▶ Available records
□ □ □ □ □ □ □

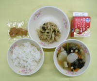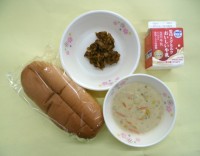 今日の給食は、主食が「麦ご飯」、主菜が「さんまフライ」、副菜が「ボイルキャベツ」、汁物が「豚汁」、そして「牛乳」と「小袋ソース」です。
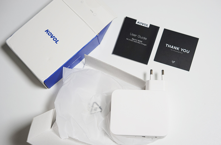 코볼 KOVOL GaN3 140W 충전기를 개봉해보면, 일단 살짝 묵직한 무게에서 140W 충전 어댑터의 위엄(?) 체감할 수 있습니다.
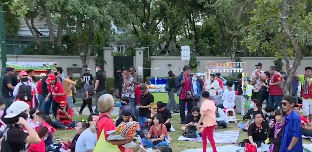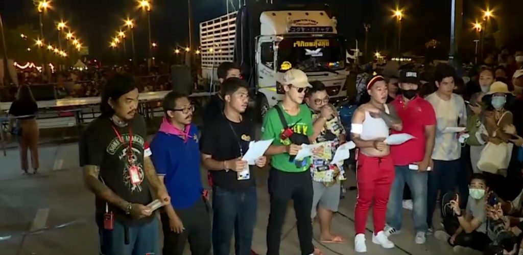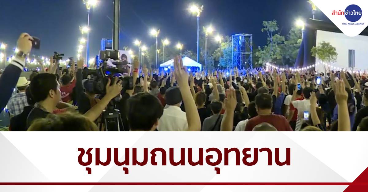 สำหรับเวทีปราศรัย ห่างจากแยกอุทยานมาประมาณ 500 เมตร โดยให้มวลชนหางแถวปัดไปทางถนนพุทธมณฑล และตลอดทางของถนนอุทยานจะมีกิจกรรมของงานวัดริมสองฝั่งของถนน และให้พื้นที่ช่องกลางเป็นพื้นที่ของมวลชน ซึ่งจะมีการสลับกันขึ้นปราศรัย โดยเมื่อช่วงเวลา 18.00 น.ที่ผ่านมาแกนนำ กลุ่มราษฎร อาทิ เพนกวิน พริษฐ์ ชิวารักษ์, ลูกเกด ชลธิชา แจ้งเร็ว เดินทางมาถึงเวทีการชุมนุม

□ □ □ □ □ □ □

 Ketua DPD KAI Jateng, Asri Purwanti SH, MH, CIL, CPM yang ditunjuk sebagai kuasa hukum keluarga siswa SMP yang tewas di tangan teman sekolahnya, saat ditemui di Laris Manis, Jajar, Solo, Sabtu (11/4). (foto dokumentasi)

□ □ □ □ □ □ □

Only the lines above from the one with "코볼 KOVOL GaN3" to the one with "สำหรับเวทีปราศรัย ห่างจากแยกอุทยานมาประมาณ 500" should be printed, both included and exactly as written; no picture belongs in the copy.

▶ Solution below
 코볼 KOVOL GaN3 140W 충전기를 개봉해보면, 일단 살짝 묵직한 무게에서 140W 충전 어댑터의 위엄(?) 체감할 수 있습니다.
 สำหรับเวทีปราศรัย ห่างจากแยกอุทยานมาประมาณ 500 เมตร โดยให้มวลชนหางแถวปัดไปทางถนนพุทธมณฑล และตลอดทางของถนนอุทยานจะมีกิจกรรมของงานวัดริมสองฝั่งของถนน และให้พื้นที่ช่องกลางเป็นพื้นที่ของมวลชน ซึ่งจะมีการสลับกันขึ้นปราศรัย โดยเมื่อช่วงเวลา 18.00 น.ที่ผ่านมาแกนนำ กลุ่มราษฎร อาทิ เพนกวิน พริษฐ์ ชิวารักษ์, ลูกเกด ชลธิชา แจ้งเร็ว เดินทางมาถึงเวทีการชุมนุม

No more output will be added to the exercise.